Most data manipulation is currently performed using either spreadsheets or data analysis programming toolkits like R or Python. Part of the motivation for my new tool, Columnal, was seeing data analysts struggle with the two – wanting to create more advanced spreadsheets than the software easily supported, but struggling when trying to implement the same analysis using text-based-programming. Below are what I think are some of the shortcomings of the existing solutions and how they can be overcome.
The drawbacks of spreadsheets
Spreadsheets are incredibly flexible and approachable for beginners, but they can get frustrating for processing data sets because:
It's easy to apply a formula to the wrong cell range (or forget to update existing ranges when you add cells), because conceptually you have a data table, but the software does not have "table" as a core part of its design. Have you ever discovered a SUM() calculation that is out of date because of new rows you added?
Some more advanced operations are very difficult in spreadsheets. For example: joining two tables by a common column, filtering rows, sorting are either difficult or involve destructive updates. Have you ever sorted a table then later, when it is too late, wanted to "unsort" it?
Spreadsheets are sparse in their features when viewed as programming interfaces. Modern programming tools have features like rich auto-complete, refactorings, quick-fixes, but spreadsheets tend not to to provide many of these. Have you ever been told there is a syntax mistake in your formula but been given no guidance on fixing it?
Spreadsheets are a little too flexible. There are many cases of spreadsheets mangling gene names unexpected into a different type, and other issues caused by implicit conversion. Have you ever had a spreadsheet think that a number is a date, or vice versa?
The drawbacks of text programming
Text-based programming is incredibly flexible in its capabilities, and is very powerful. However, it can be quite unapproachable for those who are unfamiliar with it or who only need it occasionally because:
Text-based programming relies on a lot of memorisation. You need to know the syntax – and without good autocomplete, also the names of all the packages and functions within those packages. This creates a barrier to entry and makes it frustrating to program intermittently. Have you ever needed to write a script but had to start by googling for all the code fragments you need?
To explore the data, many programming environments encourage running scripts by writing each new line in a live session. But this can make it hard to recreate the analysis and to track where each variable came from. Have you ever found the value that you want, and then had to search through your command history to try to recreate the chain of computations that produced the result?
Text programming systems often contain a lot of interconnected parts.

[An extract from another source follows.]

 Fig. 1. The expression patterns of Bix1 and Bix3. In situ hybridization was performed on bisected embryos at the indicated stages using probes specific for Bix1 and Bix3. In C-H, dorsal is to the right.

Installing and maintaining a working installation of a programming language including all the libraries and environment variables can be painful, and this multiples when you have to make sure that multiple people working on a project all have the same set of versions.
My solution: Columnal
My core idea is to retain the approachability and user interface of spreadsheets while reining in their flexibility to prevent common mistakes and add the power that is usually reserved for text-based programming.

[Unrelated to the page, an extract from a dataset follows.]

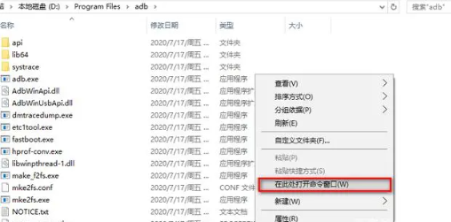接下来,在电脑上下载并解压ADB工具包,无需安装,解压后,在adb文件夹内空白处按住键盘“shift”键再右击鼠标,即可看到下图所示,点击即可。

In Columnal, cells are grouped into tables. Tables can have multiple columns, but each column must be the same length and each column must have a consistent type. This immediately makes the design less flexible than spreadsheets, but it gives several advantages relative to spreadsheets, such as:
It's easy to apply whole-table transformations, such as sorting a table or filtering its rows. In spreadsheets it's really hard to do this without destroying the original table.
Producing a calculation for each row automatically extends to all rows (without risking missing one) and the formula does not need to be copied and pasted. Updating only involves updating one location, without having to copy and paste the changed formula again.
Being able to constrain a column's type avoids problems such as a date accidentally appearing in a numeric column, or a 2 in a column meant to be full of booleans.
Columnal has many more capabilities but these are a few key features enabled by the table-centric view. Columnal projects are a collection of data tables and transformations. The transformations remember their source and are always up-to-date so there is no need to worry about re-running analysis or tracking how a particular table was calculated.
In future posts I will dive further into the individual features of Columnal and how its design enables its core principle of avoiding mistakes while providing a lot of powerful operations to the user.